Therefore, you have described two different constructions over a (2-)category. Which is "more natural", depends on your applications.


I do not want to go into unnecessary detail, but here is an abstract argument why (1) implies (2) if $M_1$ is a function.
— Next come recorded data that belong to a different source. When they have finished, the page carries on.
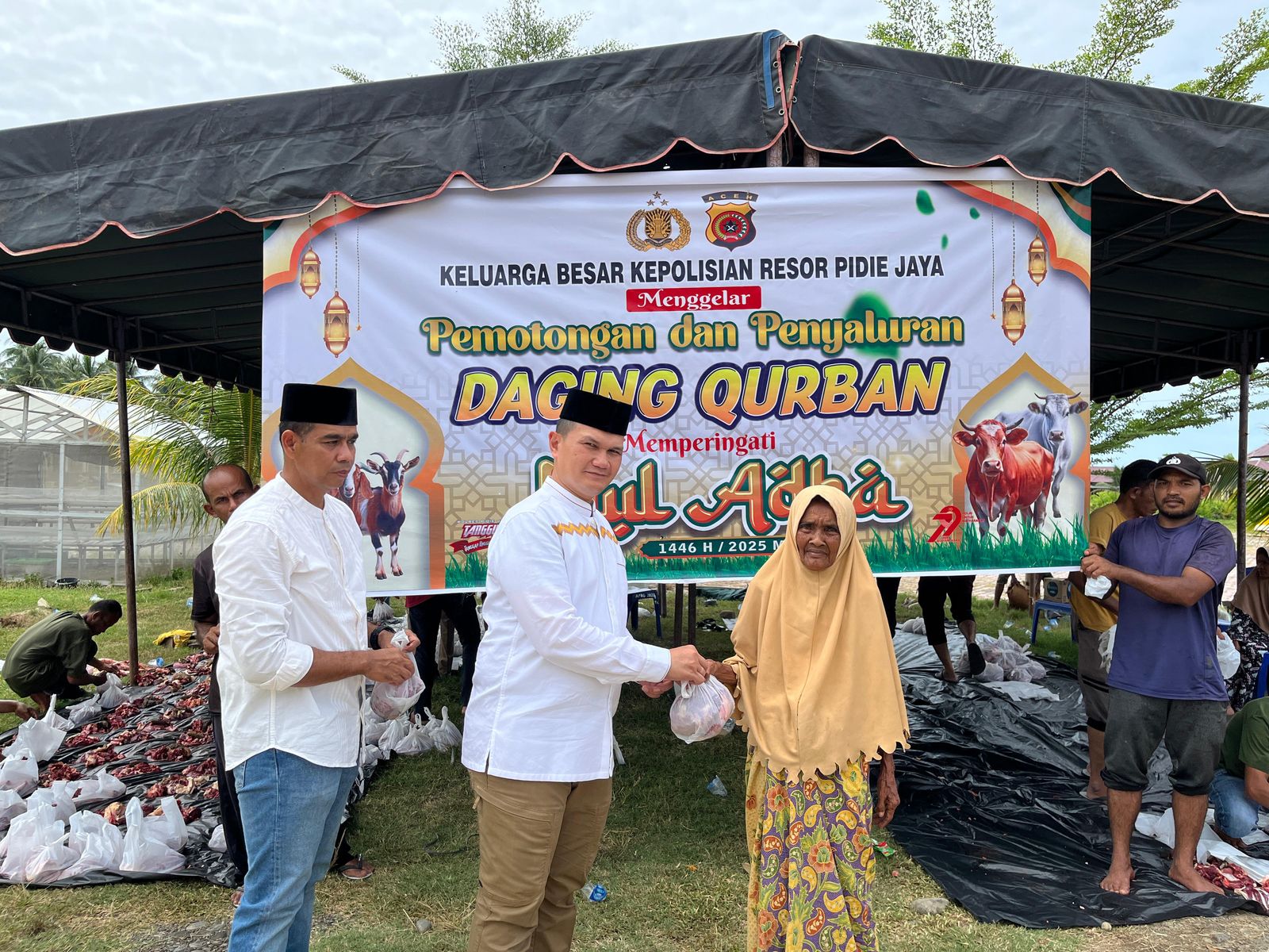 *PIDIE JAYA.-suaramasyarakat.com .//Dalam rangka memperingati Hari Raya Idul Adha 1446 H, Polres Pidie Jaya menunjukkan kepedulian sosial dengan menyalurkan 200 kantong daging qurban kepada warga kurang mampu di wilayah hukumnya, Jumat, 6 Juni 2025. Distribusi dilakukan melalui jajaran Polsek di delapan kecamatan, menyasar langsung rumah-rumah masyarakat yang membutuhkan.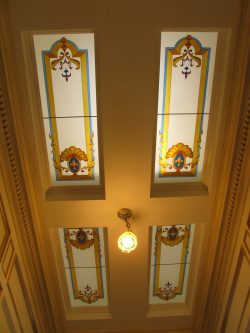 Skylights enhanced by the addition of stained glass transcend their original function, becoming celestial marvels that effortlessly blend the celestial with the terrestrial. The intricate patterns and vibrant hues of stained glass capture and refract sunlight in a mesmerizing dance, casting a kaleidoscope of colors that cascade throughout the space below. These transformed skylights don’t just flood interiors with natural light; they infuse them with an undeniable sense of wonder and boundless inspiration. Whether one gazes upward to behold the serene scene above or basks in the warm, refracted glow of sunlight, occupants find themselves transported to a realm where the commonplace fades away, leaving only the sublime beauty of stained glass to illuminate their surroundings. Indeed, stained glass skylights stand as a resplendent testament to the harmonious union of form and function, beckoning us to look skyward and dare to dream amidst their ethereal radiance.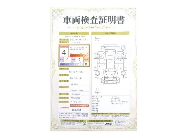 トヨタが認めた検査のプロが、すみずみまで車両をチェックした≪車両検査証明証≫が発行されています。おクルマの状態がわかりやすく安心ですよ♪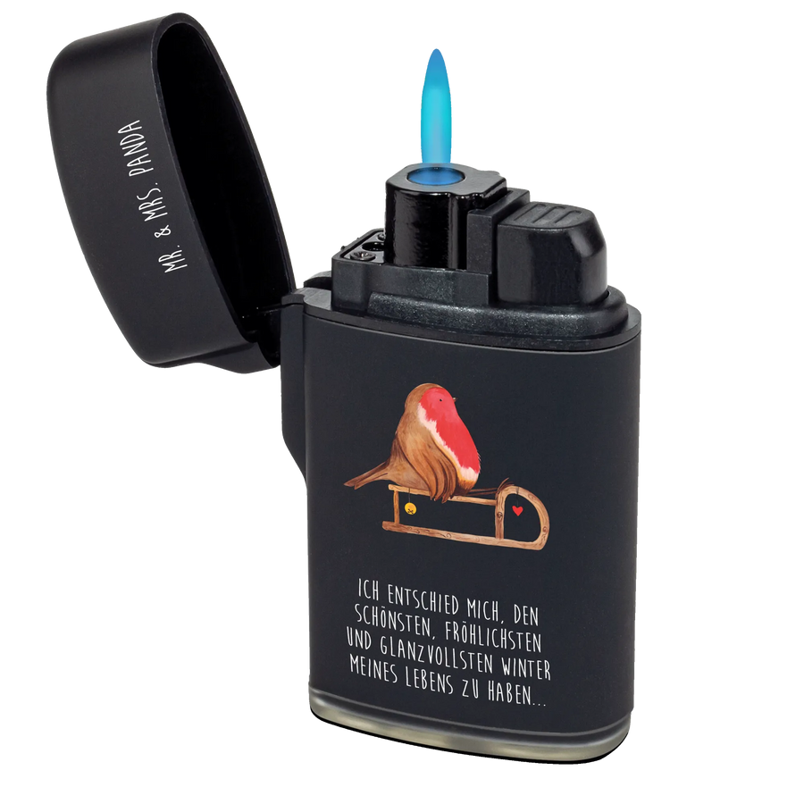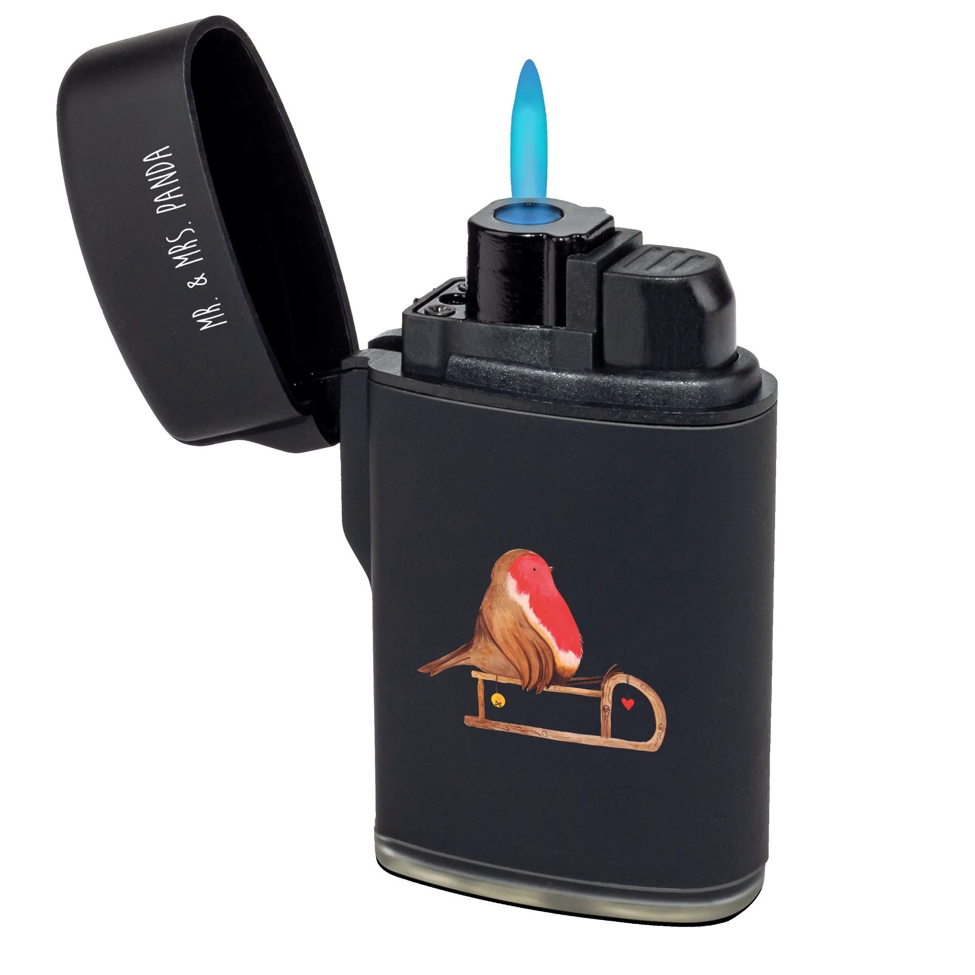 Feuerzeug Rotkehlchen Schlitten - mit Spruch

Let us assume that: $$M_2 \circ R = R' \circ M_1$$ Because $M_1$ is a function, it has a right adjoint relation $M_1^\mathit{co}$. Now, we may postcompose our expression with $M_1^\mathit{co}$ to obtain $M_2 \circ R \circ M_1^\mathit{co} = R' \circ M_1 \circ M_1^\mathit{co}$. However, since $M_1^\mathit{co}$ is right adjoint to $M_1$, there is evaluation $M_1 \circ M_1^\mathit{co} \leq \mathit{id}$. Thus: $$M_2 \circ R \circ M_1^\mathit{co} = R' \circ M_1 \circ M_1^\mathit{co} \leq R' \circ \mathit{id} = R'$$

In fact, the above proof works in a more general context of any single-valued relation $M_1$. Moreover, this is the optimal general condition --- if $M_1$ is not single-valued, then one may easily find $R, R', M_2$ such that (1) is true, but (2) does not hold.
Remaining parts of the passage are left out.